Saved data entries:
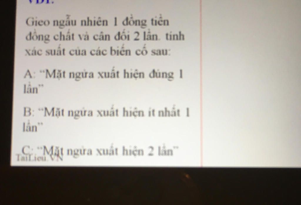 Gieo ngẫu nhiên một đồng tiền đồng chất và cân đối hai lần
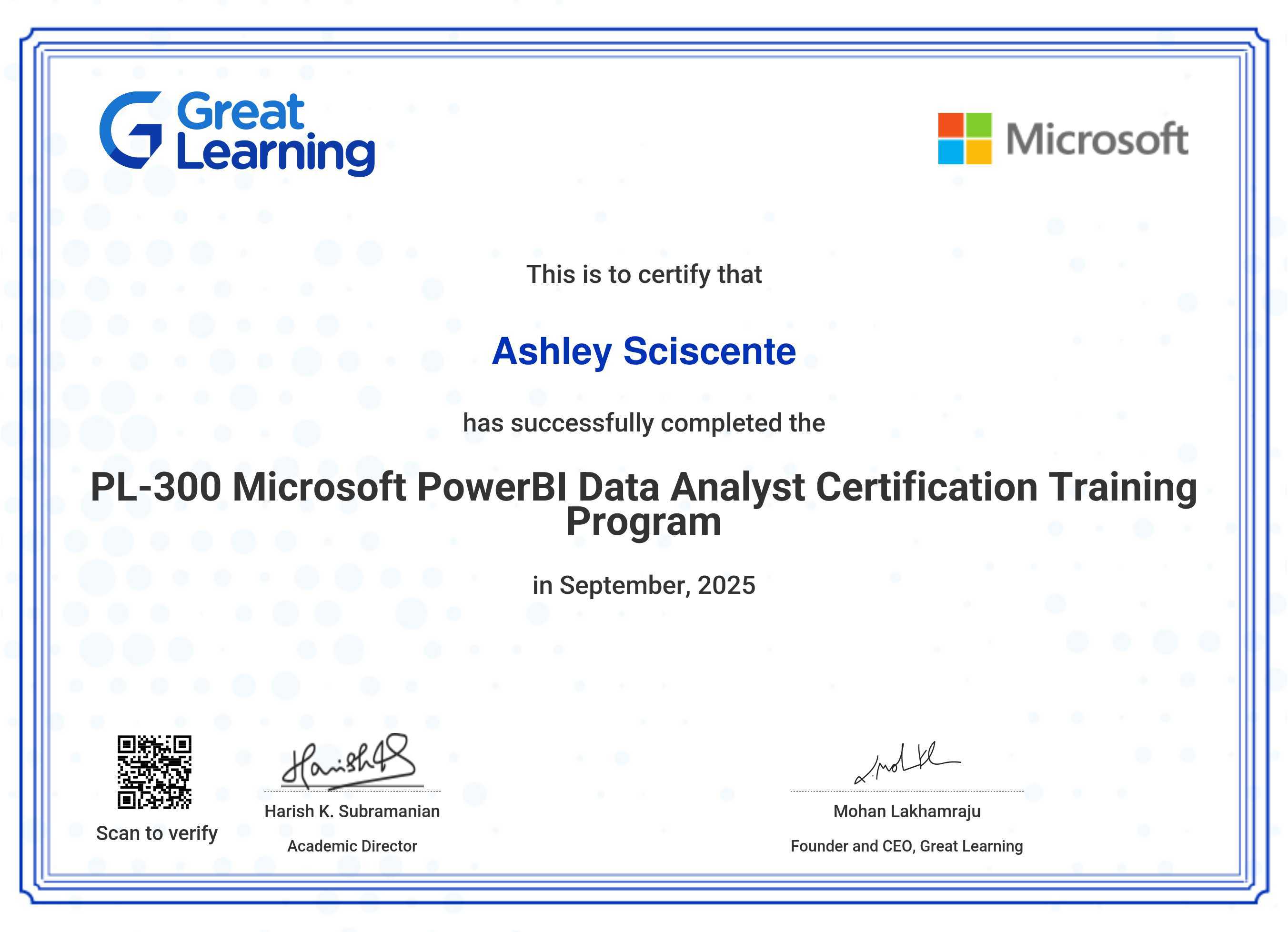 The certificate below verifies that ASHLEY SCISCENTE has completed the PL-300 MICROSOFT PowerBI DATA ANALYST CERTIFICATION TRAINING PROGRAM
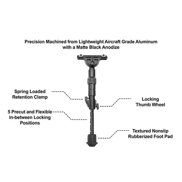 • ENHANCED DURABILITY - Constructed from high-quality aluminum, this bipod withstands rigorous use, ensuring long-lasting performance in various shooting conditions.
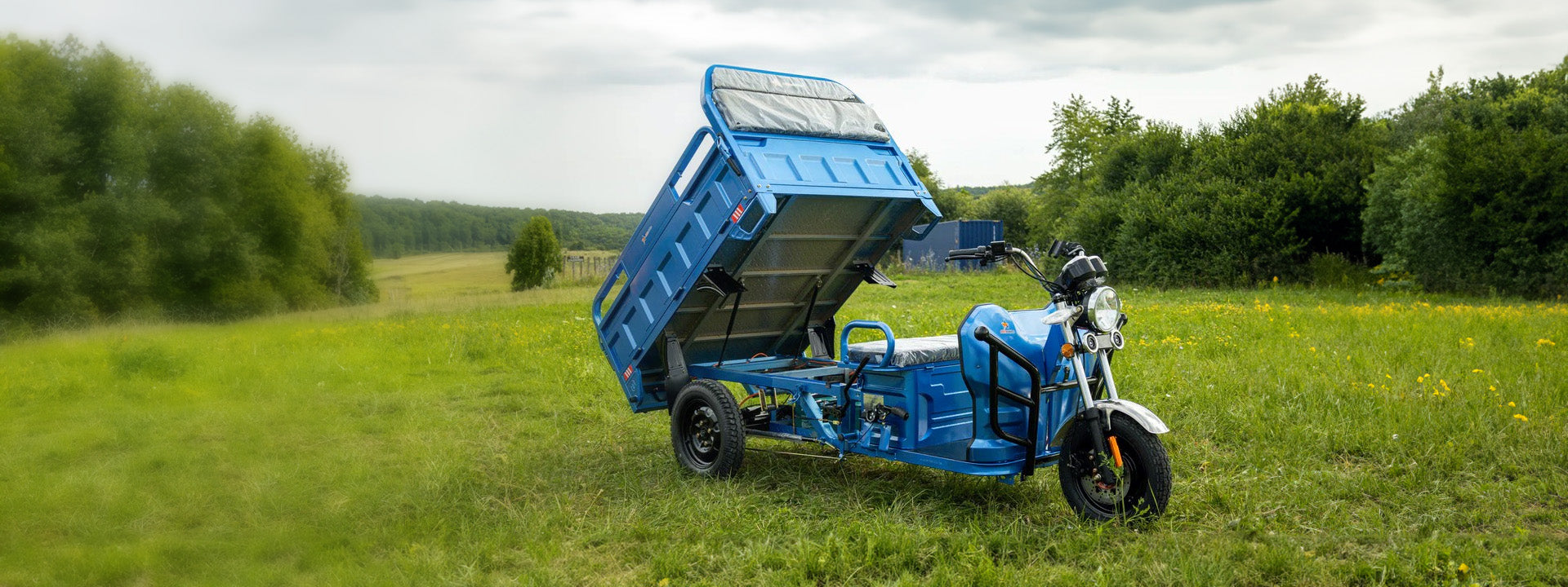 Tricicletă Electrică KUBA E-KAMYONET, Viteză 25km/h, Autonomie 70km, Cabină, Volan, Benă Basculabilă, Obloane Rabatabile
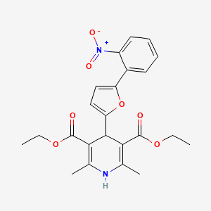 The mechanism of action of Diethyl 2,6-dimethyl-4-(5-(2-nitrophenyl)furan-2-yl)-1,4-dihydropyridine-3,5-dicarboxylate involves its interaction with specific molecular targets. In medicinal chemistry, it is known to interact with calcium channels, inhibiting calcium influx into cells. This action can lead to various physiological effects, such as vasodilation and reduced blood pressure. The molecular pathways involved include the modulation of intracellular calcium levels and the subsequent impact on cellular functions.
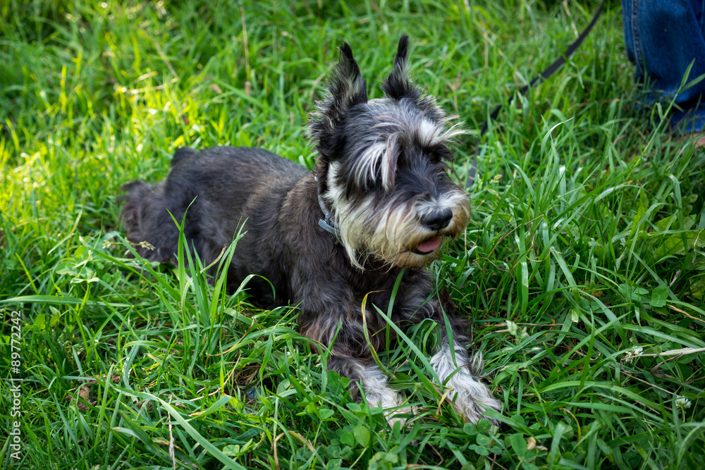 miniature black and silver schnauzer laying in the grass

▶ [Prompt]
An exact printout of the entries is wanted, covering the first line through the line holding "Tricicletă Electrică KUBA", with pictures kept out of it.

▶ [Exercise response]
 Gieo ngẫu nhiên một đồng tiền đồng chất và cân đối hai lần
 The certificate below verifies that ASHLEY SCISCENTE has completed the PL-300 MICROSOFT PowerBI DATA ANALYST CERTIFICATION TRAINING PROGRAM
 • ENHANCED DURABILITY - Constructed from high-quality aluminum, this bipod withstands rigorous use, ensuring long-lasting performance in various shooting conditions.
 Tricicletă Electrică KUBA E-KAMYONET, Viteză 25km/h, Autonomie 70km, Cabină, Volan, Benă Basculabilă, Obloane Rabatabile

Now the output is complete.